Managing End Stage Canine Heart Failure: Canine Hospice Care
ACVIM 2008
Sonya G. Gordon, DVM, DVSc, DACVIM (Cardiology); Risa Roland, DVM, DACVIM (Cardiology)
College Station, TX, USA; Yonkers, NY, USA

Introduction

Most dogs with heart failure (HF) are stabilized with multimodal therapy including furosemide, pimobendan and an angiotensin converting enzyme inhibitor (ACEI). However, despite the best therapy progressive and often refractory clinical signs develop. This represents the end-stage of HF and navigation through this terminal stage represents one of the biggest challenges of HF therapy.

Hospice care can be defined as the provision of palliative and supportive care for terminally ill patients and their families. This definition underlines the fact that navigation of the terminal stage of HF involves palliation of the patient's clinical signs as well as support and guidance of the client. The authors' typically inform the client early in the management of HF that they will act as an advocate of both the patient and client as long as their best interests are similar, however when these interests diverge the authors' inform the client that as a veterinarian their first responsibility is to the patient. This helps develop a solid doctor client relationship, which is necessary for future discussions regarding quality of life, an important part of managing terminally ill patients. Ultimately, most clients in consultation with their attending veterinarians elect euthanasia when hospice care is unable to adequately palliate clinical signs. The authors' quality of life discussions focus on four categories, 1) can the patient breathe comfortably on room air, 2) does the patient enjoy his meals, 3) does the patient enjoy interactions with the client and family, 4) can the patient get around enough to do his business with dignity and rest comfortably. Thus the authors' approach to hospice care is to listen carefully to the client and optimize therapy in an effort to palliate specific clinical signs through scheduled and unscheduled re-evaluations. When complaints suggestive of decompensation develop such as respiratory embarrassment (e.g., cough, dyspnea, tachypnea), gastrointestinal embarrassment (e.g., inappetence, anorexia, diarrhea) or weakness, exercise intolerance, collapse or syncope the authors' use a methodical approach to determine the likely underlying reason for the complaint and develop a therapeutic plan to address the complaint and then follow-up with the client to determine the level of success of the intervention. Many follow-up evaluations include phone or email dialogue in an attempt to minimize hospital re-evaluations. Most re-evaluations and therapeutic plans are carried out on an outpatient basis. Hospitalization should be avoided in patients at this stage of disease. A friend once told me that how you end a relationship is as important as how you start it. This statement is very true for veterinarians that manage patients with end-stage HF and for clients learning to accept the inevitable.
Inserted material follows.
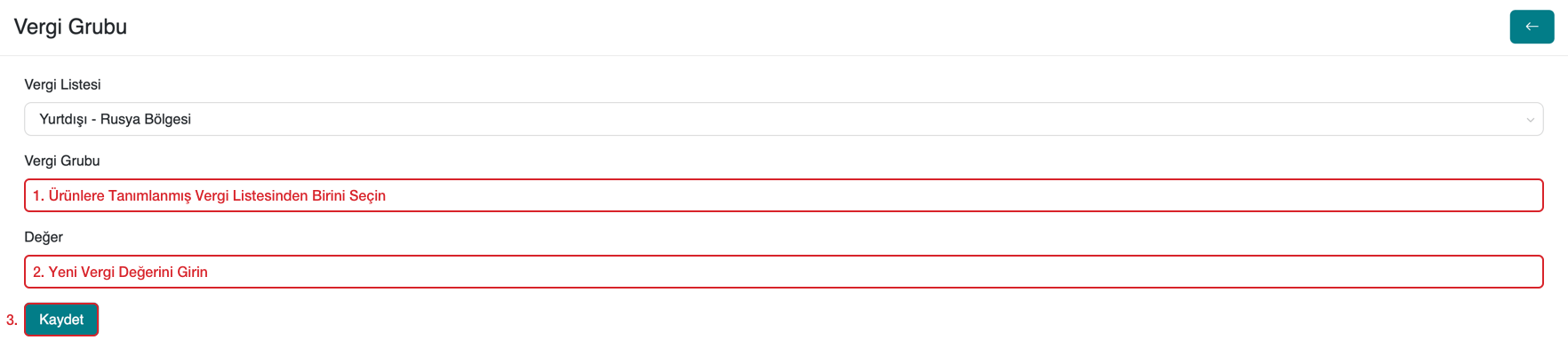 - Vergi Grubu İsmi Tanımlayın: Vergi Grubu için isim tanımlayın. (ör. "Yurtdışı - Rusya Bölgesi").

It is important to remember that HF is progressive and medications that were well tolerated at any one time point may lead to or potentiate clinical signs at a later stage. For example: dogs with HF typically tolerate afterload reduction with a combination of agents such as ACEI and pimobendan, but if the patient develops progressive pump failure leading to clinically significant systemic hypotension then the degree of afterload reduction may need to be reduced or alternatively the degree of systolic support of the failing ventricle may need to be increased. That is the combination of agents that palliated the signs of HF initially may not optimally palliate clinical signs in the end-stages and thus part of management of end-stage HF involves re-evaluation of existing therapies as well as the introduction of new therapies and all efforts are done to palliate specific clinical signs. The following are common categories of client complaints reported in end-stage HF patients and can be used as a framework for a clinical approach to managing end-stage canine HF. This framework focuses on the contribution of progressive HF to the development of clinical signs , however dogs with HF can develop other significant non-cardiac diseases and attending clinicians should keep this in mind and give these considerations due diligence when appropriate.

Anorexia & Inappetence

In the authors experience inappetence leading to anorexia and requisite progressive weight loss represents one of the most common and significant client complaints in advanced canine HF patients. Appetite and perceived food enjoyment is often described as one of the most important quality of life assessments. The most common causes of inappetence and anorexia in chronic HF dogs include: azotemia, pulmonary edema, ascites, medication related, gastrointestinal ulceration, dietary indiscretion, and lastly may be behavioral or unrelated to their cardiovascular disease.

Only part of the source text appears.